Requirement:
Only the pictures are dropped; the lines of the material that follow are returned exactly.

══════════════════════════════

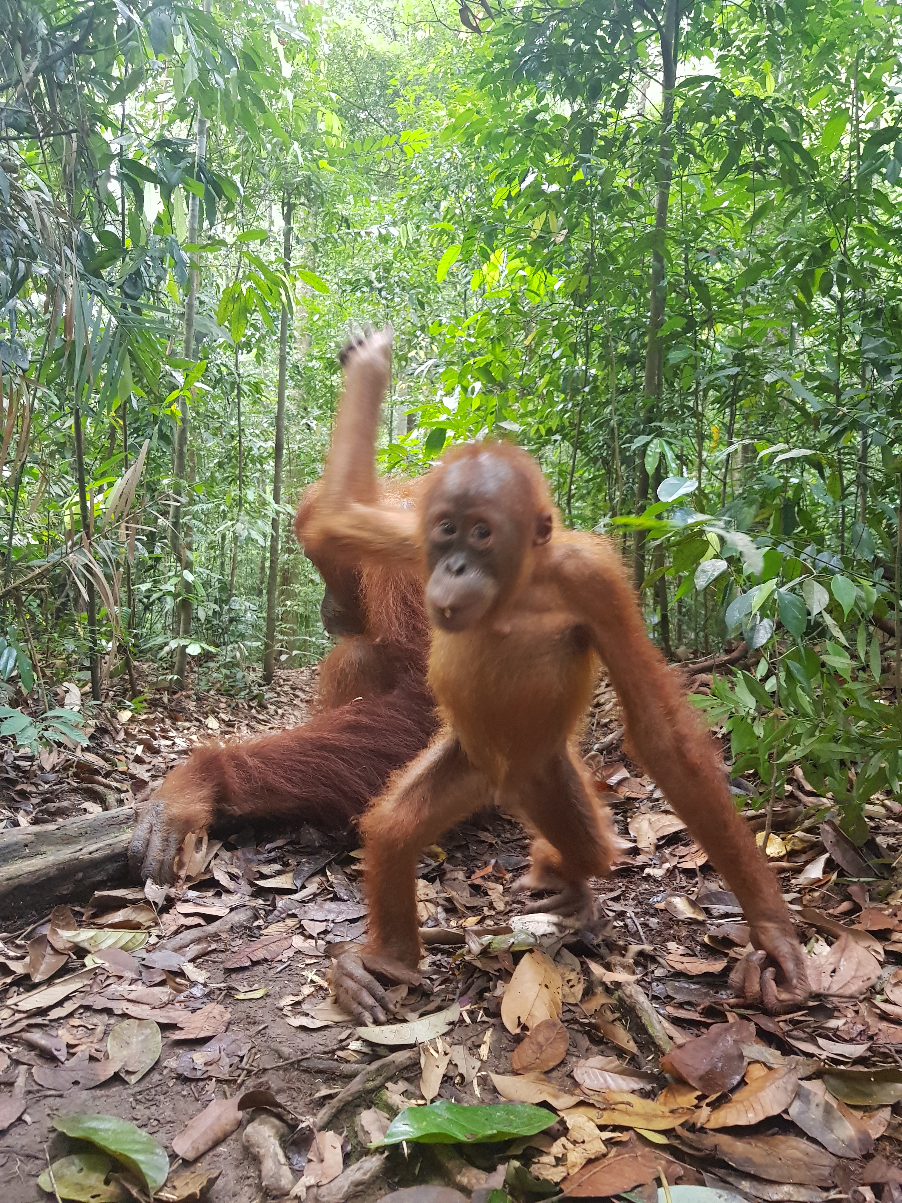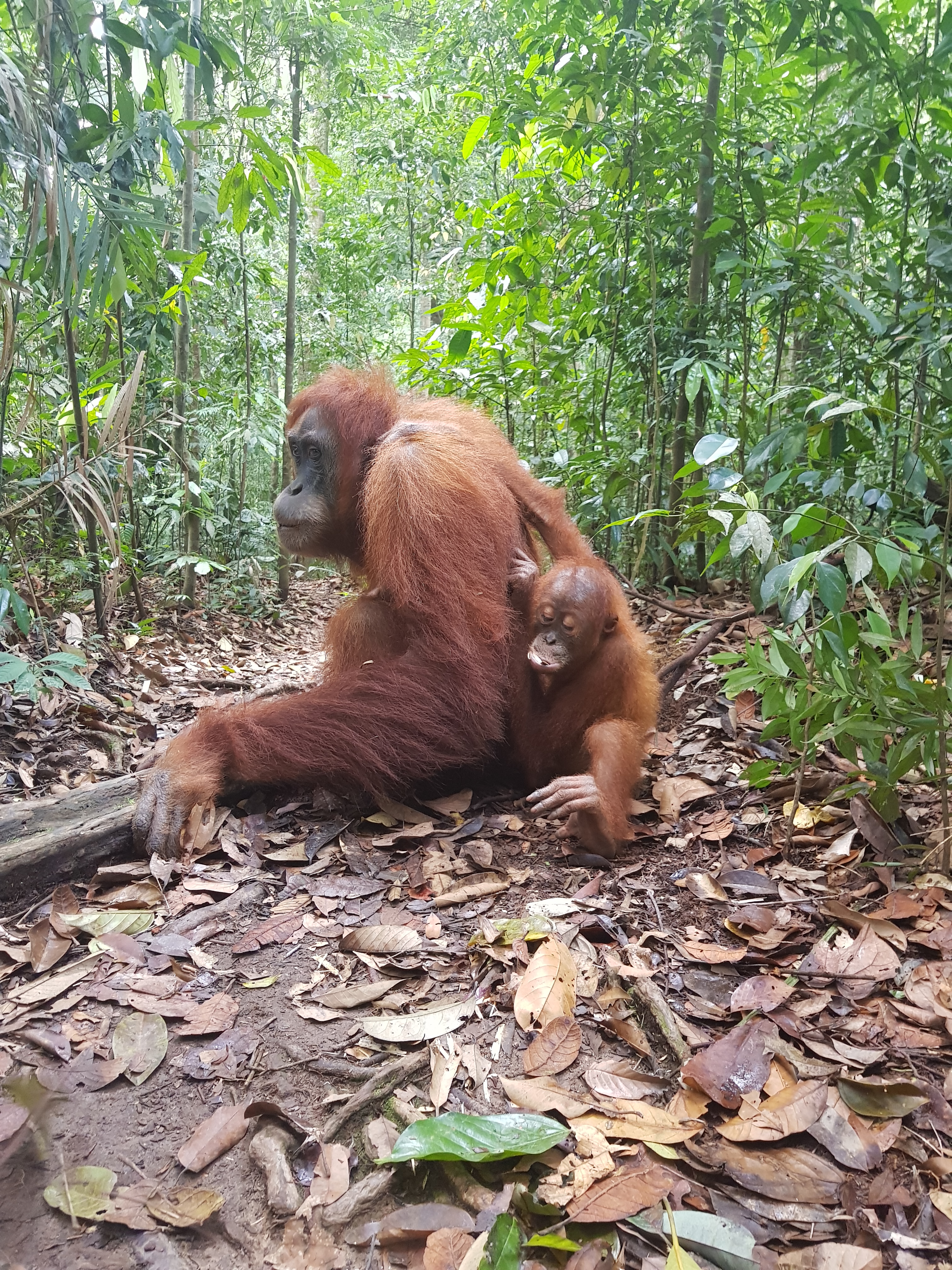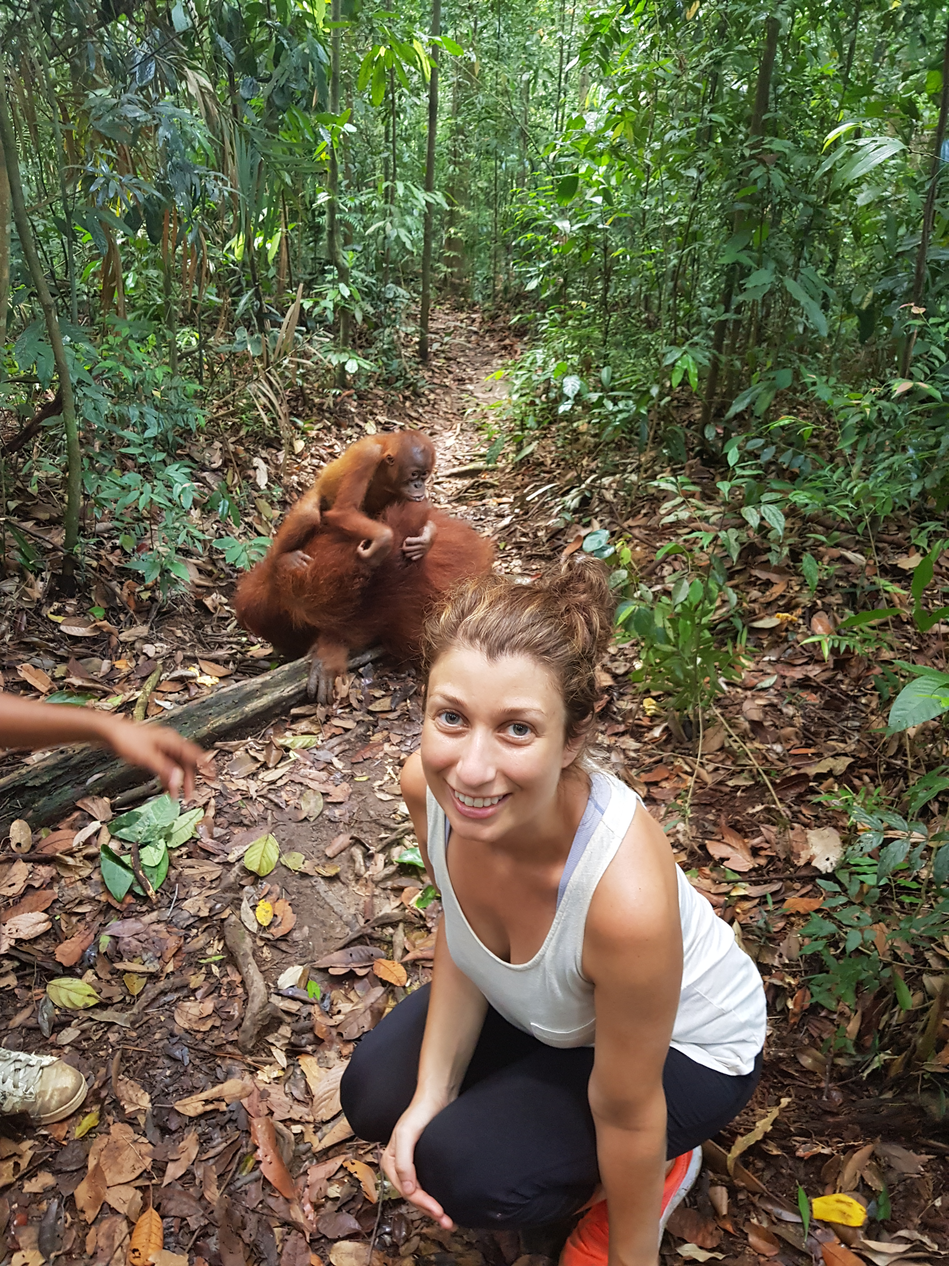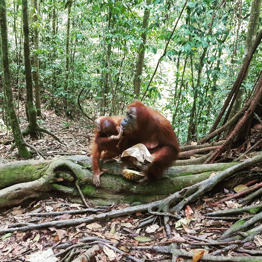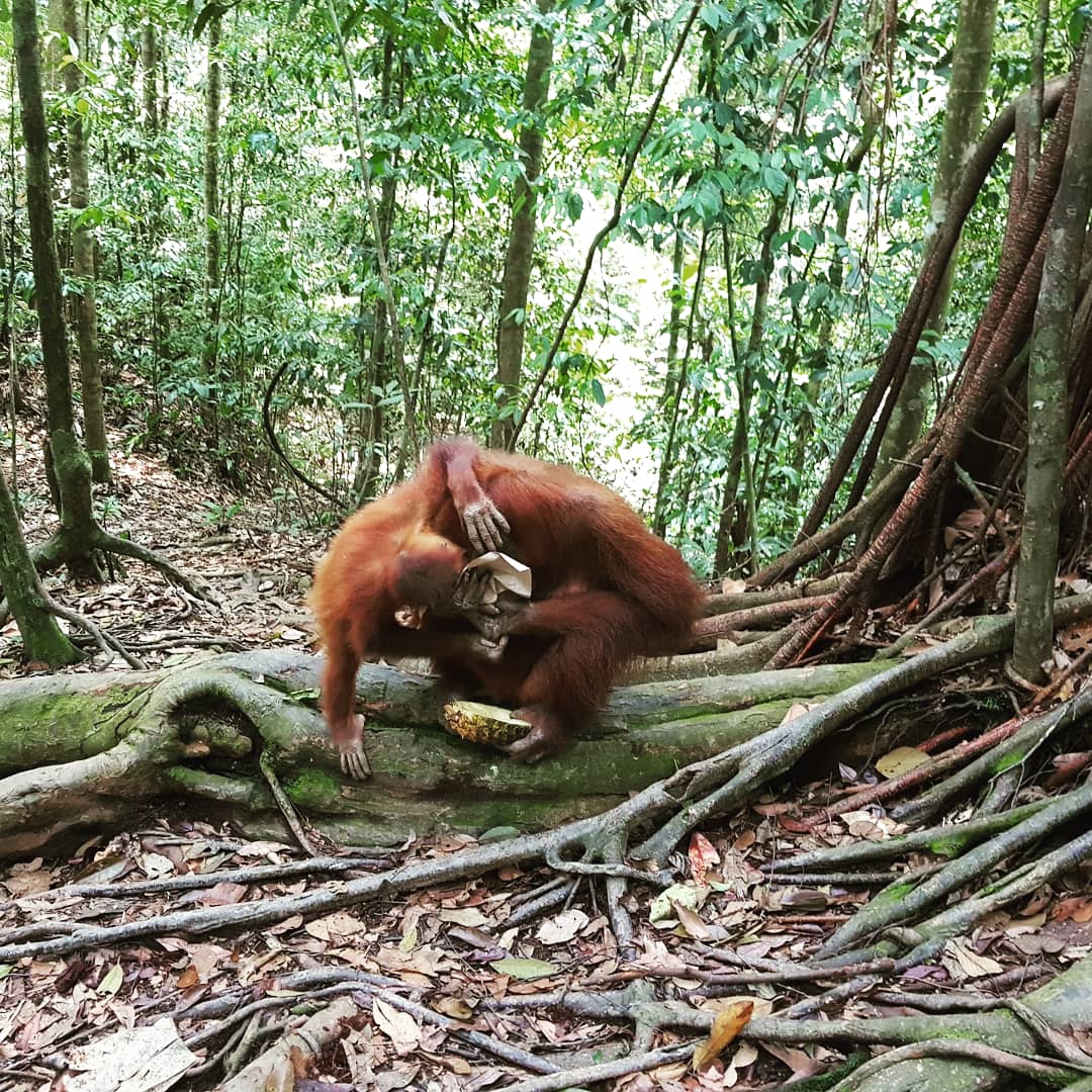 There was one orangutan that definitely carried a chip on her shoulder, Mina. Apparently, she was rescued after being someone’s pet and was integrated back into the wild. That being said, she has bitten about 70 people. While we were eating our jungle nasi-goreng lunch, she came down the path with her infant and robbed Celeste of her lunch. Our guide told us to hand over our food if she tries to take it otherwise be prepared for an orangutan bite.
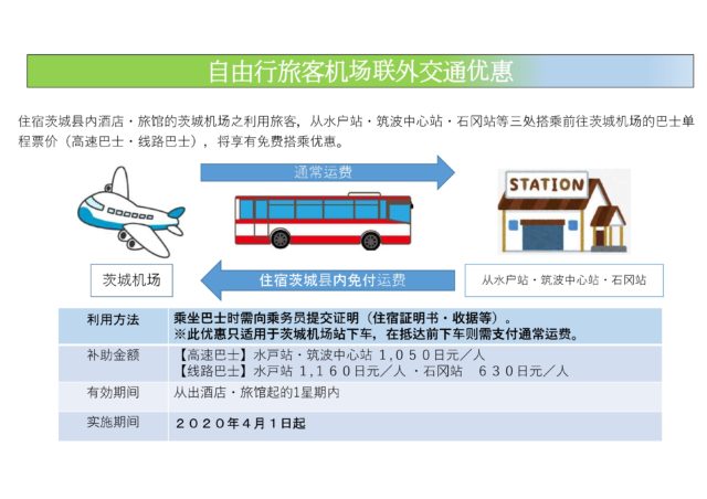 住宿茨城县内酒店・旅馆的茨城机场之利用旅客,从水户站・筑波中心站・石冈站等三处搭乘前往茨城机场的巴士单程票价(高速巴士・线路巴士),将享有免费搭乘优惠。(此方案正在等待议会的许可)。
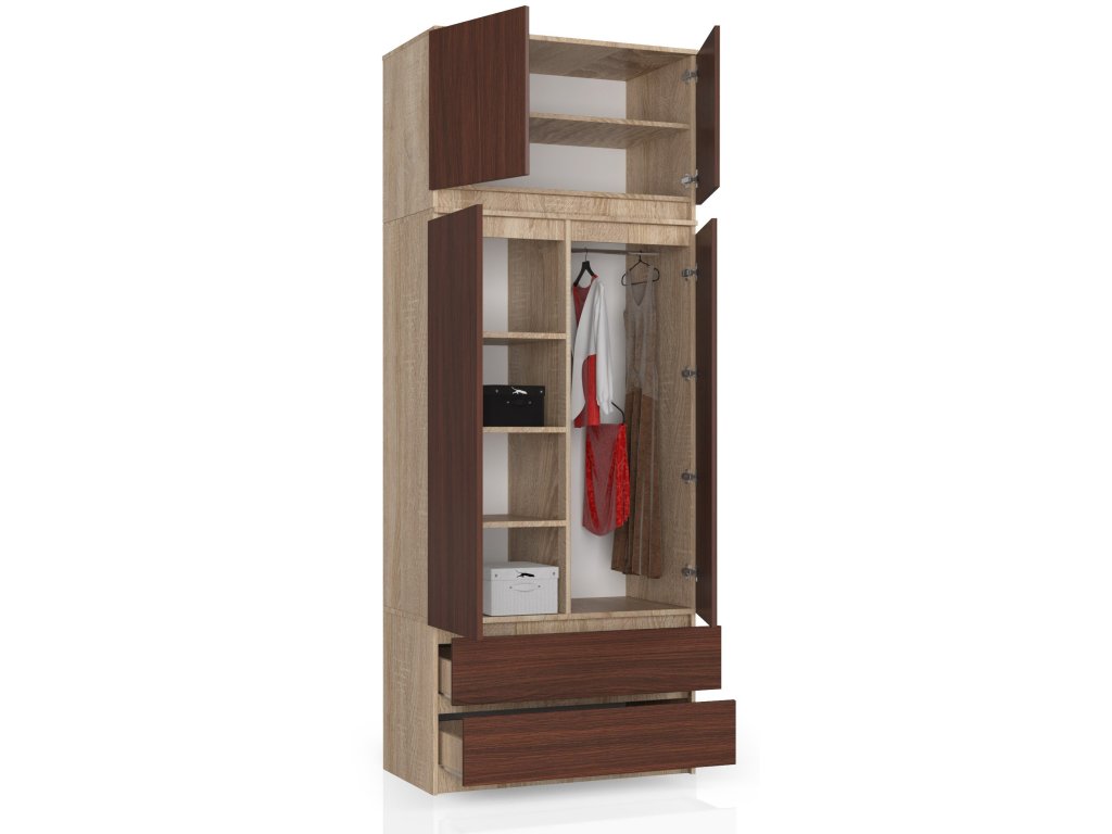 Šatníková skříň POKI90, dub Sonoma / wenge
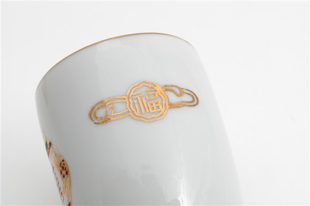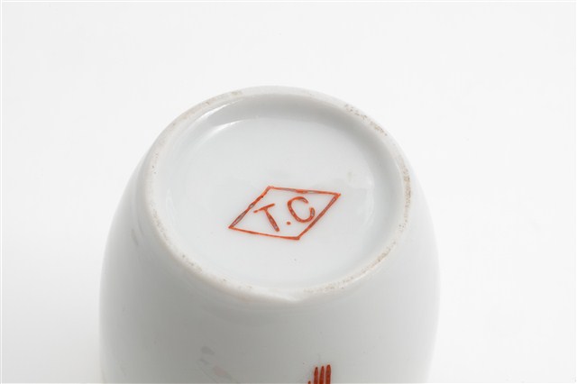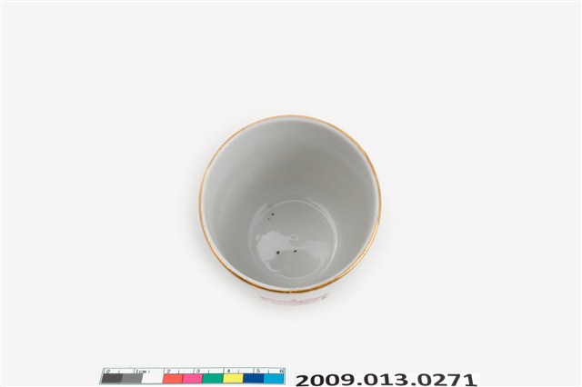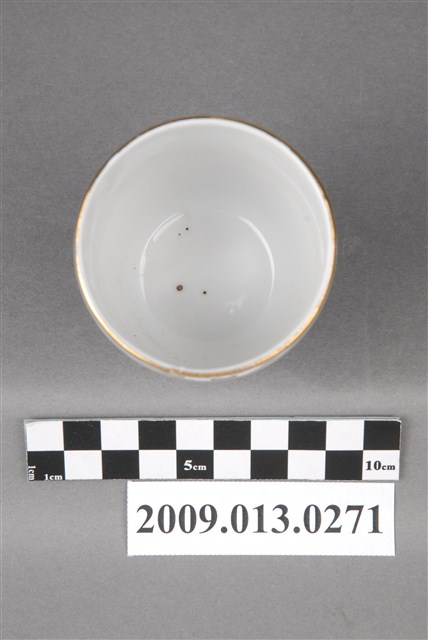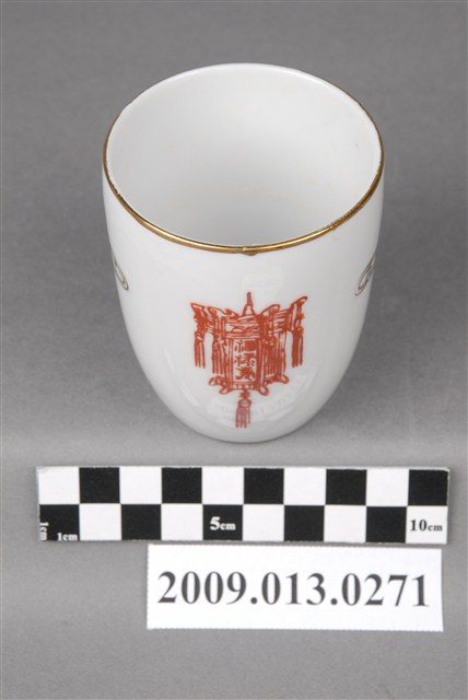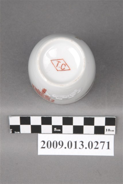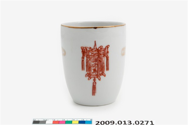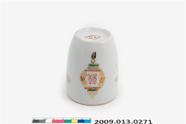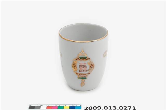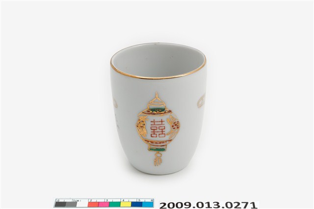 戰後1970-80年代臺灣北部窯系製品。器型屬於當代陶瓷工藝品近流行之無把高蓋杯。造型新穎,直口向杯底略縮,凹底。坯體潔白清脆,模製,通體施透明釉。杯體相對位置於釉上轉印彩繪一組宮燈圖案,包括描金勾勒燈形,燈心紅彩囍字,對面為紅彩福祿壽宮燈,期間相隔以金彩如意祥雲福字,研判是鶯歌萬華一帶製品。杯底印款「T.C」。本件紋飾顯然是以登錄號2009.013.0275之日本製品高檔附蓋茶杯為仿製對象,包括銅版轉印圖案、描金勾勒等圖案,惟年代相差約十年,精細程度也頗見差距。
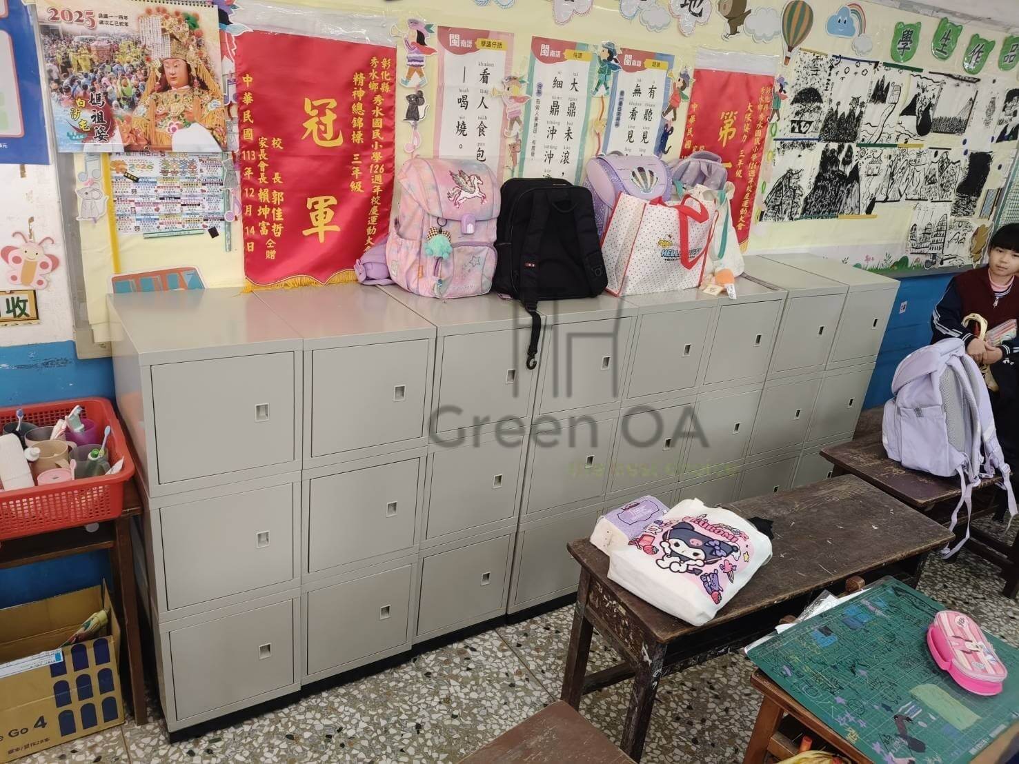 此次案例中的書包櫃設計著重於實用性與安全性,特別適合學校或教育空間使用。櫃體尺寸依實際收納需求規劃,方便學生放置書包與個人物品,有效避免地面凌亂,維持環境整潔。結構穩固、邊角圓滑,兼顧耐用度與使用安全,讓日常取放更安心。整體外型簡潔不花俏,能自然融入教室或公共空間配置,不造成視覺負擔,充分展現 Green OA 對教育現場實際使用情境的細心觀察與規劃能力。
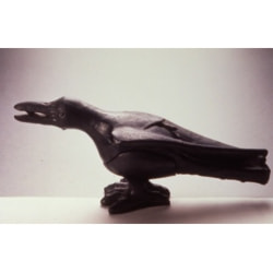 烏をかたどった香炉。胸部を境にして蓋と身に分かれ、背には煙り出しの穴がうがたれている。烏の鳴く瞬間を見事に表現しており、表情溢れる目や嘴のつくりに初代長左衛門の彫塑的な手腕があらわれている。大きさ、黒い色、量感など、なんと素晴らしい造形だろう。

══════════════════════════════

Final answer:
 There was one orangutan that definitely carried a chip on her shoulder, Mina. Apparently, she was rescued after being someone’s pet and was integrated back into the wild. That being said, she has bitten about 70 people. While we were eating our jungle nasi-goreng lunch, she came down the path with her infant and robbed Celeste of her lunch. Our guide told us to hand over our food if she tries to take it otherwise be prepared for an orangutan bite.
 住宿茨城县内酒店・旅馆的茨城机场之利用旅客,从水户站・筑波中心站・石冈站等三处搭乘前往茨城机场的巴士单程票价(高速巴士・线路巴士),将享有免费搭乘优惠。(此方案正在等待议会的许可)。
 Šatníková skříň POKI90, dub Sonoma / wenge
 戰後1970-80年代臺灣北部窯系製品。器型屬於當代陶瓷工藝品近流行之無把高蓋杯。造型新穎,直口向杯底略縮,凹底。坯體潔白清脆,模製,通體施透明釉。杯體相對位置於釉上轉印彩繪一組宮燈圖案,包括描金勾勒燈形,燈心紅彩囍字,對面為紅彩福祿壽宮燈,期間相隔以金彩如意祥雲福字,研判是鶯歌萬華一帶製品。杯底印款「T.C」。本件紋飾顯然是以登錄號2009.013.0275之日本製品高檔附蓋茶杯為仿製對象,包括銅版轉印圖案、描金勾勒等圖案,惟年代相差約十年,精細程度也頗見差距。
 此次案例中的書包櫃設計著重於實用性與安全性,特別適合學校或教育空間使用。櫃體尺寸依實際收納需求規劃,方便學生放置書包與個人物品,有效避免地面凌亂,維持環境整潔。結構穩固、邊角圓滑,兼顧耐用度與使用安全,讓日常取放更安心。整體外型簡潔不花俏,能自然融入教室或公共空間配置,不造成視覺負擔,充分展現 Green OA 對教育現場實際使用情境的細心觀察與規劃能力。
 烏をかたどった香炉。胸部を境にして蓋と身に分かれ、背には煙り出しの穴がうがたれている。烏の鳴く瞬間を見事に表現しており、表情溢れる目や嘴のつくりに初代長左衛門の彫塑的な手腕があらわれている。大きさ、黒い色、量感など、なんと素晴らしい造形だろう。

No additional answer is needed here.